Photo credit: Christopher Vanderyajt
Photo credit: Christopher Vanderyajt
I was nothing short of terrified going in. I asked multiple times for reassurance that I wouldn't die. Walking into the bike shop, sneaking a peak at people flying down the mountain, I thought I'd made a terrible choice. The people I saw were rad. I couldn't even say the word, but these people seemed to live it. They were athletic, laid-back, seemingly fearless, and way more appropriately dressed than I was. I didn't fit here. But, I didn't have a choice. My good friend had driven up for the weekend to do this with me. I couldn't back out now.
Photo credit: Christopher Vanderyajt

We spent the morning on a tennis court learning the basics and doing drills. Most of the women in our camp group had been mountain biking before with varying levels of experience but all were looking to learn and improve. Many had taught themselves what they knew or been taught by their boyfriends or husbands, so getting back to basics and learning the fundamentals was a game changer for them. I was totally new, awkward, and nervous.

Photo credit: Christopher Vanderyajt
I quickly discovered something about the women's mountain biking community. They're amazing. In a sport still often dominated by men, women have banded together to own their place on the mountain and to get more women to join them. So inspiring. That was the beauty of Women's Camp, learning from and surrounded by women. Thanks to caring and supportive coaches along with the sweetest, most eclectic group of women, I somehow got the idea that I could do this.

The first run down the mountain was dicey. Let's be honest, just getting on the lift, riding it up, and getting off was dicey. I thought I was going to throw up. Then, I actually had to ride my bike down a mountain. Whose freaking idea was this?! I was so scared. My stomach hurt. I was on the edge of tears. My anxiety was out of control. But I did it.... one section of the trail at a time, encouraged by our group of women riders, and with a coach behind me giving me reminders as I went.

heels down, head up, elbows out... 
heels down, head up, elbows out... knees loose... 
heels down, head up, elbows out...

I chanted as I rode... my mantras, the many things I had to remember to successfully make it down the mountain. There was no space in my brain to be self-conscious about my fluffy waist or not looking the part. I couldn't worry about my body, because I was too busy using it. My muscles burned. I couldn't get distracted, the trail called me back each time. I began to intuitively adjust body in small ways for turns and different terrain. The intense focus it required was almost meditative. For two days, I wasn't mom. I was just me. I couldn't worry about my to-do lists, the schedule, the kids, or anything else. 

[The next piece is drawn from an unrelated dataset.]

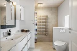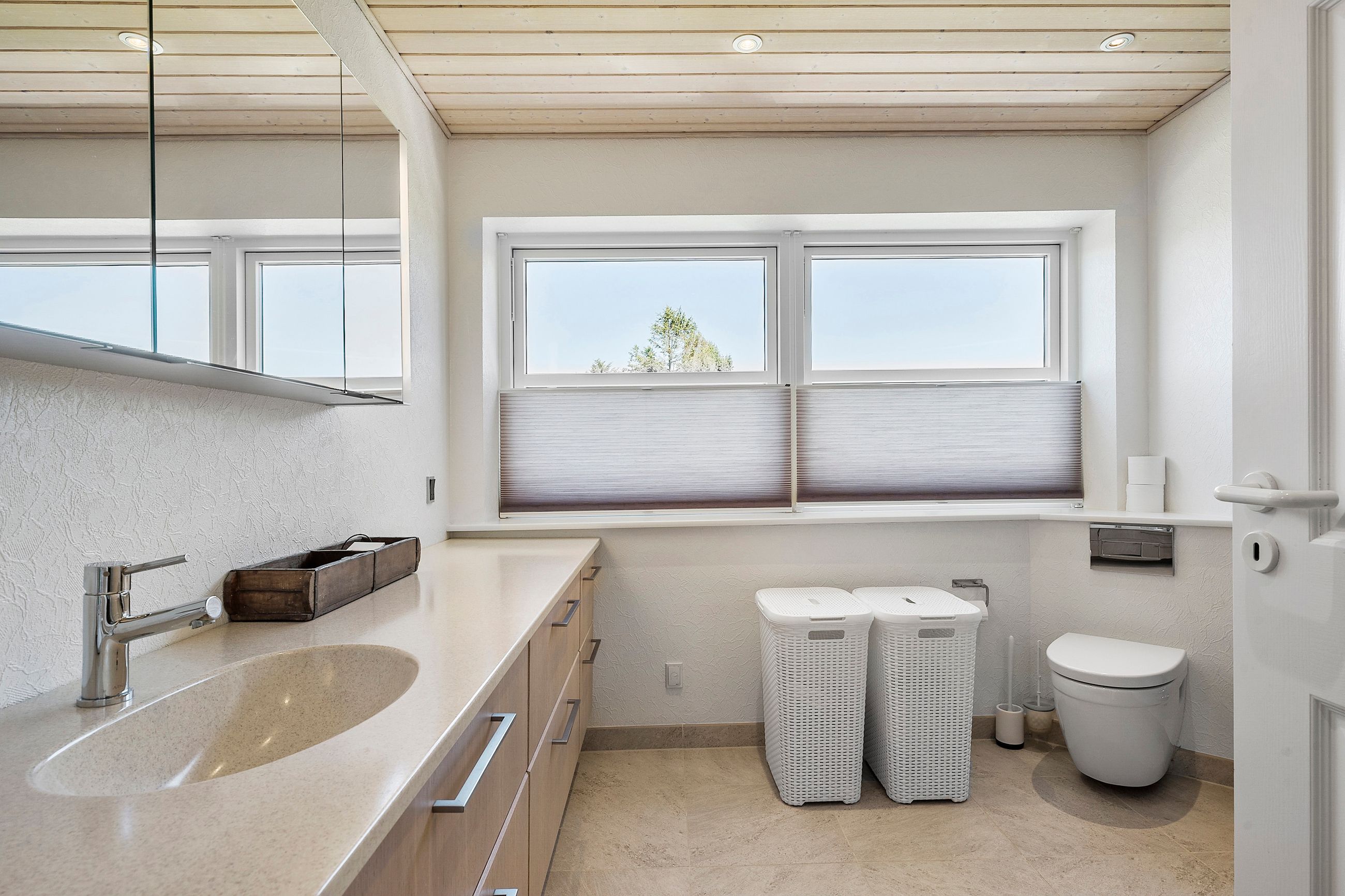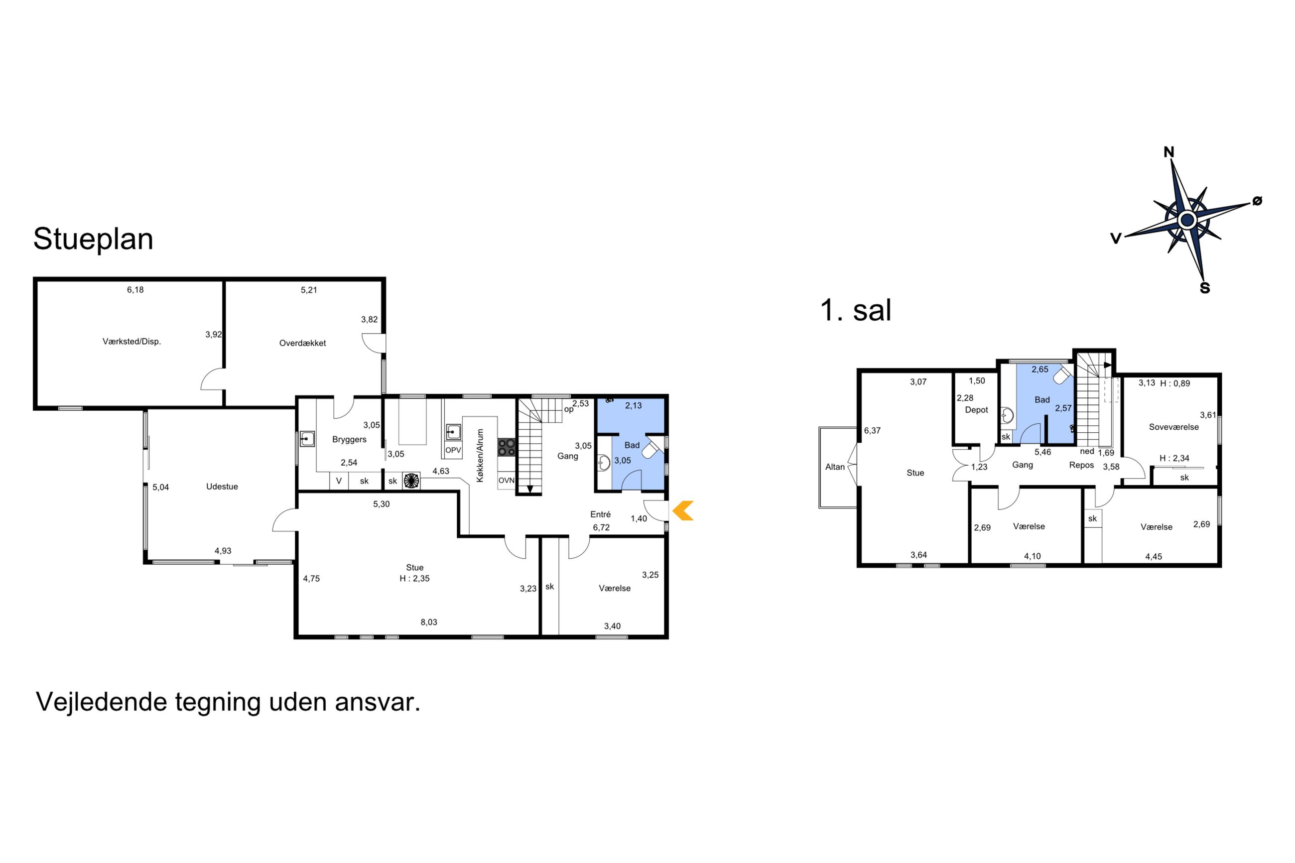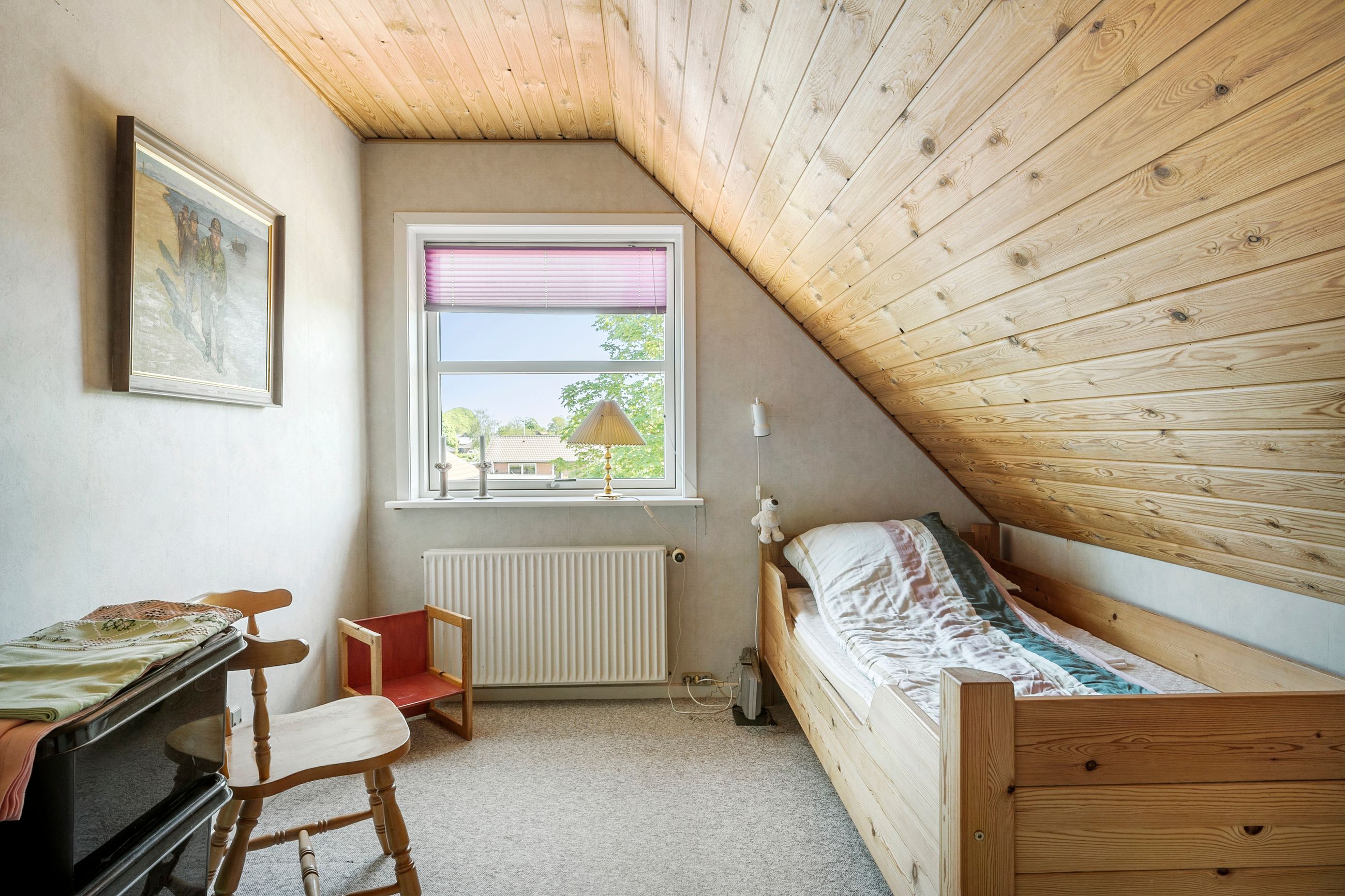 På 1. sal er der hele fire gode værelser, et depotrum samt et pænt badeværelse fra 2013 med gulvvarme og brus.

Photo credit: Christopher Vanderyajt
Surviving that first run changed things. I was finally able to exhale. I knew I could do this. I always tell myself I can do hard things. This time I proved it to myself. I wanted to do it again. I got braver, a little faster, and I started to have fun with it. I'm still a totally awkward beginner, but I'm grateful for the experience and am excited to keep learning.

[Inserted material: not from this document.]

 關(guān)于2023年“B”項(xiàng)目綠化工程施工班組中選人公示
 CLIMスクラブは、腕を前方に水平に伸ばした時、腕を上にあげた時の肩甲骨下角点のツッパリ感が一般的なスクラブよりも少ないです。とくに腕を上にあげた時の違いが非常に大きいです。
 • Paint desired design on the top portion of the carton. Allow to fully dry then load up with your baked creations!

I talk a good talk with my kids about being brave and trying new things, learning from our falls, and doing things that scare us so we can grow into the people we're meant to be. This was me walking the walk, and I'm so grateful to an amazing group awesome women riders and coaches for making it possible. I couldn't be more proud of myself. I went into the weekend thinking I was learning how to survive mountain biking for my daughter, but I spent the weekend learning how to mountain bike for me. 

Photo credit: Christopher Vanderyajt


Here's to strong women... 
may we know them, 
may we be them, 
may we raise them.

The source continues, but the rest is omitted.